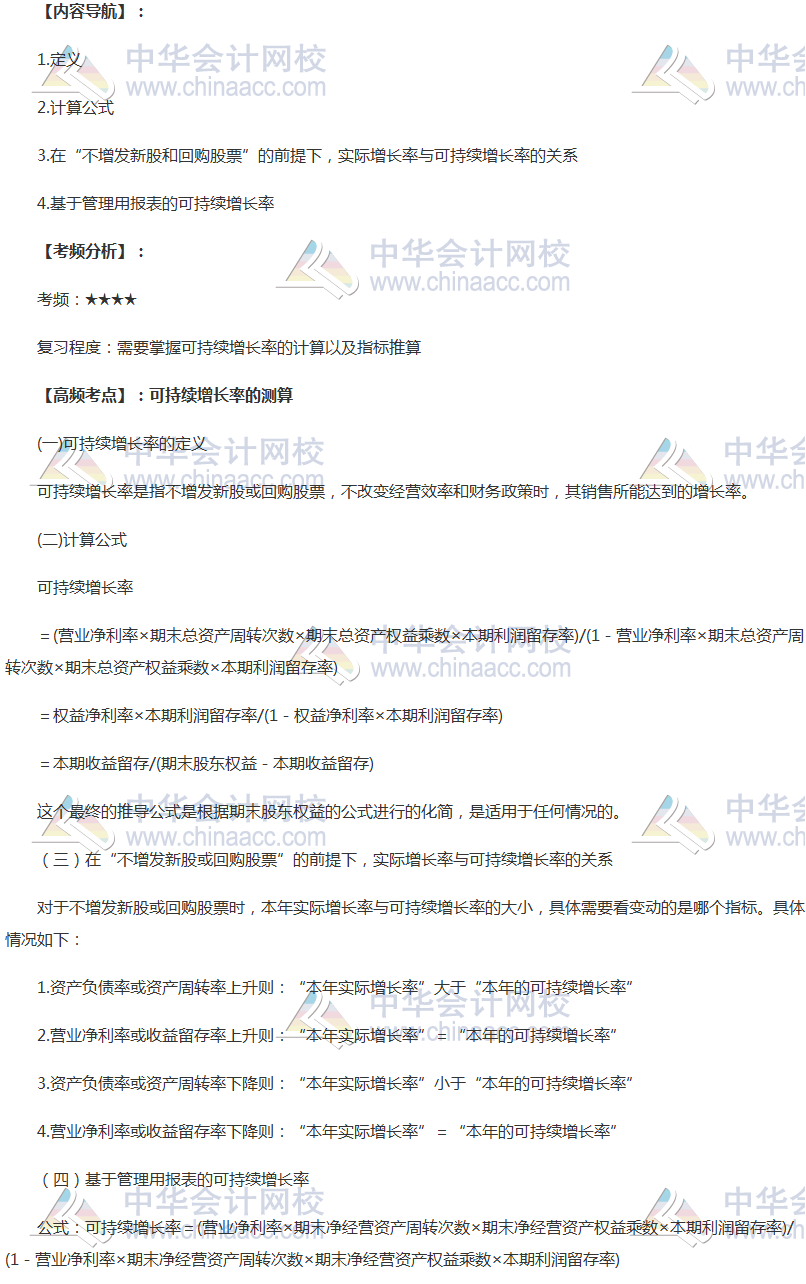 备考时间紧张,抓紧时间抓住重点备考注册会计师吧!正保会计网校教学老师为广大考生整理了高频考点,我们一起来学习2018年注册会计师《财务成本管理》高频考点:可持续增长率的测算。本考点属于注册会计师《财务成本管理》第二章财务报表分析和财务预测第四节增长率与资本需求的测算的内容。
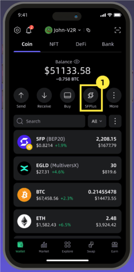 Lancez votre application SafePal et cliquez sur l'icône 'SFPlus' dans le magasin DApp de votre portefeuille SafePal. Vous pouvez également rechercher SFPlus pour trouver l'onglet DApp dans notre magasin DApp.
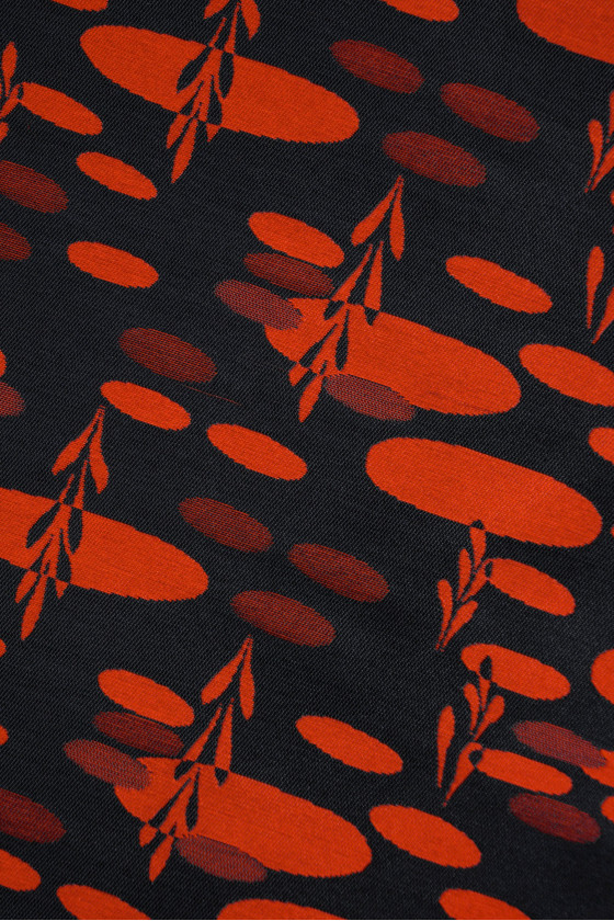 Itaalia jacquardi kostüümikangas tume mereväe sinine oranžide punktide ja okste motiiviga - seda saab õmmelda mõlemalt poolt. Kangas on paksem, jäigem, mitteelastne ja iseloomuliku läikega. Ideaalne kleidi, kostüümi, seeliku õmblemiseks või dekoratiivsetel eesmärkidel.
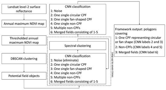 As the study by Li et al. [] performed well when using different satellite data and produced a high object-based producer’s accuracy of 97% and user’s accuracy of 98% when assessed against 4000 manually identified fields, that framework was further explored herein. Revisiting that approach, three machine learning techniques, i.e., DBSCAN [], CNNs classification [], and spectral clustering [] were operated in sequence herein to identify and delineate the center-pivot fields, with the schematic showing in Figure 2. The following provides a brief overview of the technique, with the reader directed to Li et al. [] for a more detailed description of the hybrid machine learning framework. As a first step, the annual maximum NDVI map was obtained using NDVI maps calculated from Landsat Level-2 surface reflectance imagery for each target year. A thresholded NDVI map was obtained by eliminating pixels with NDVI values below a threshold value, i.e., 0.25 herein, which were mainly bare soil background pixels. Then, pixels from annual maximum NDVI maps were segmented into potential field objects using DBSCAN. The type of the field objects was further classified into six categories by a classic CNN approach, i.e., AlexNet, including circular center-pivot field (CPF), fan-shaped CPF, non-CPF (fields presenting rectangle shapes), multiple non-CPFs, merged fields, and noise. Next, the merged fields and multiple non-CPFs were re-clustered into individual fields by spectral clustering. The CNN classification and spectral clustering can be run up to seven iterations to cluster the multiple fields into individual fields or until no field object was identified as merged fields. Finally, polygons were created for each cluster representing individual field masks. We group both circular and fan-shaped fields as one in the final result because the shape of the field was not of interest in this study.
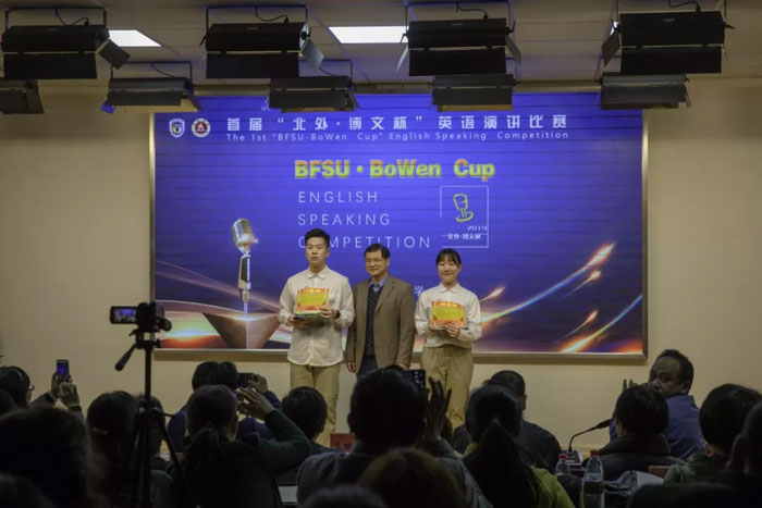 随后,北外外教Kirschbaum也登台发表感言,他首先赞美了同学们的勇气和自信,并鼓励同学们更努力地去学习,做到每天进步一点点。
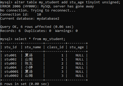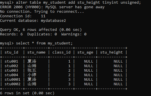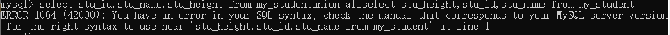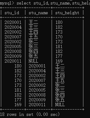 select stu_id,stu_name,stu_height from my_student union all select stu_height,stu_id,stu_name from my_student;
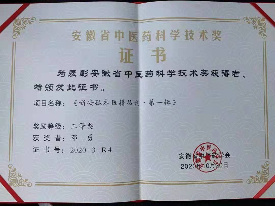 新安医学获奖情况
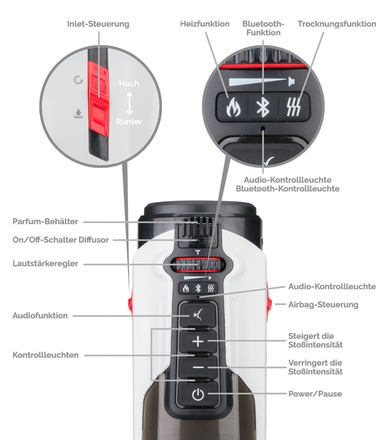 9. Auf der rechten Seite befindet sich die Taste zum Ein- und Ausschalten der Airbag-Funktion. Wenn Sie die Taste nach unten drücken, zieht sich das Inlet zusammen. Wenn Sie die Taste nach oben drücken, wird der Druck abgelassen.
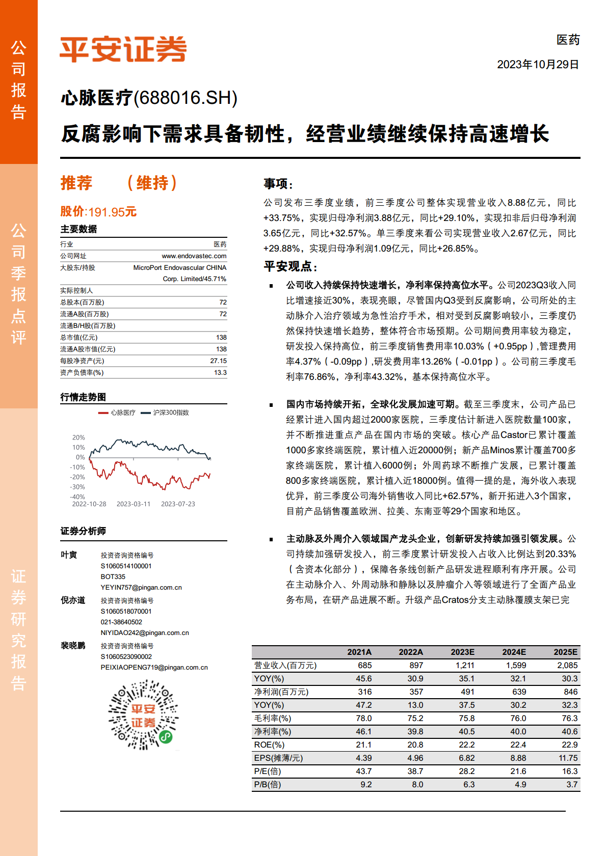 心脉医疗在2023年前三季度展现出强劲的经营韧性和高速增长态势,营业收入和归母净利润均实现近30%的同比增长。这主要得益于其在主动脉介入治疗领域的需求韧性,以及公司在国内外市场的持续开拓和创新研发的坚定投入。公司在国内市场深度渗透,医院覆盖和产品植入量持续增长;国际业务加速发展,海外销售收入实现超60%的增长。同时,高比例的研发投入保障了多条产品线的顺利推进,为公司未来发展奠定基础。尽管面临政策、集采等潜在风险,但公司凭借其在主动脉及外周介入领域的龙头地位和持续创新能力,预计将继续保持稳健增长,因此维持“推荐”评级。

○ ○ ○

PROBLEM:
What you return should be all of the material above, exactly, and none of its pictures.

TASK OUTPUT:
 备考时间紧张,抓紧时间抓住重点备考注册会计师吧!正保会计网校教学老师为广大考生整理了高频考点,我们一起来学习2018年注册会计师《财务成本管理》高频考点:可持续增长率的测算。本考点属于注册会计师《财务成本管理》第二章财务报表分析和财务预测第四节增长率与资本需求的测算的内容。
 Lancez votre application SafePal et cliquez sur l'icône 'SFPlus' dans le magasin DApp de votre portefeuille SafePal. Vous pouvez également rechercher SFPlus pour trouver l'onglet DApp dans notre magasin DApp.
 Itaalia jacquardi kostüümikangas tume mereväe sinine oranžide punktide ja okste motiiviga - seda saab õmmelda mõlemalt poolt. Kangas on paksem, jäigem, mitteelastne ja iseloomuliku läikega. Ideaalne kleidi, kostüümi, seeliku õmblemiseks või dekoratiivsetel eesmärkidel.
 As the study by Li et al. [] performed well when using different satellite data and produced a high object-based producer’s accuracy of 97% and user’s accuracy of 98% when assessed against 4000 manually identified fields, that framework was further explored herein. Revisiting that approach, three machine learning techniques, i.e., DBSCAN [], CNNs classification [], and spectral clustering [] were operated in sequence herein to identify and delineate the center-pivot fields, with the schematic showing in Figure 2. The following provides a brief overview of the technique, with the reader directed to Li et al. [] for a more detailed description of the hybrid machine learning framework. As a first step, the annual maximum NDVI map was obtained using NDVI maps calculated from Landsat Level-2 surface reflectance imagery for each target year. A thresholded NDVI map was obtained by eliminating pixels with NDVI values below a threshold value, i.e., 0.25 herein, which were mainly bare soil background pixels. Then, pixels from annual maximum NDVI maps were segmented into potential field objects using DBSCAN. The type of the field objects was further classified into six categories by a classic CNN approach, i.e., AlexNet, including circular center-pivot field (CPF), fan-shaped CPF, non-CPF (fields presenting rectangle shapes), multiple non-CPFs, merged fields, and noise. Next, the merged fields and multiple non-CPFs were re-clustered into individual fields by spectral clustering. The CNN classification and spectral clustering can be run up to seven iterations to cluster the multiple fields into individual fields or until no field object was identified as merged fields. Finally, polygons were created for each cluster representing individual field masks. We group both circular and fan-shaped fields as one in the final result because the shape of the field was not of interest in this study.
 随后,北外外教Kirschbaum也登台发表感言,他首先赞美了同学们的勇气和自信,并鼓励同学们更努力地去学习,做到每天进步一点点。
 select stu_id,stu_name,stu_height from my_student union all select stu_height,stu_id,stu_name from my_student;
 新安医学获奖情况
 9. Auf der rechten Seite befindet sich die Taste zum Ein- und Ausschalten der Airbag-Funktion. Wenn Sie die Taste nach unten drücken, zieht sich das Inlet zusammen. Wenn Sie die Taste nach oben drücken, wird der Druck abgelassen.
 心脉医疗在2023年前三季度展现出强劲的经营韧性和高速增长态势,营业收入和归母净利润均实现近30%的同比增长。这主要得益于其在主动脉介入治疗领域的需求韧性,以及公司在国内外市场的持续开拓和创新研发的坚定投入。公司在国内市场深度渗透,医院覆盖和产品植入量持续增长;国际业务加速发展,海外销售收入实现超60%的增长。同时,高比例的研发投入保障了多条产品线的顺利推进,为公司未来发展奠定基础。尽管面临政策、集采等潜在风险,但公司凭借其在主动脉及外周介入领域的龙头地位和持续创新能力,预计将继续保持稳健增长,因此维持“推荐”评级。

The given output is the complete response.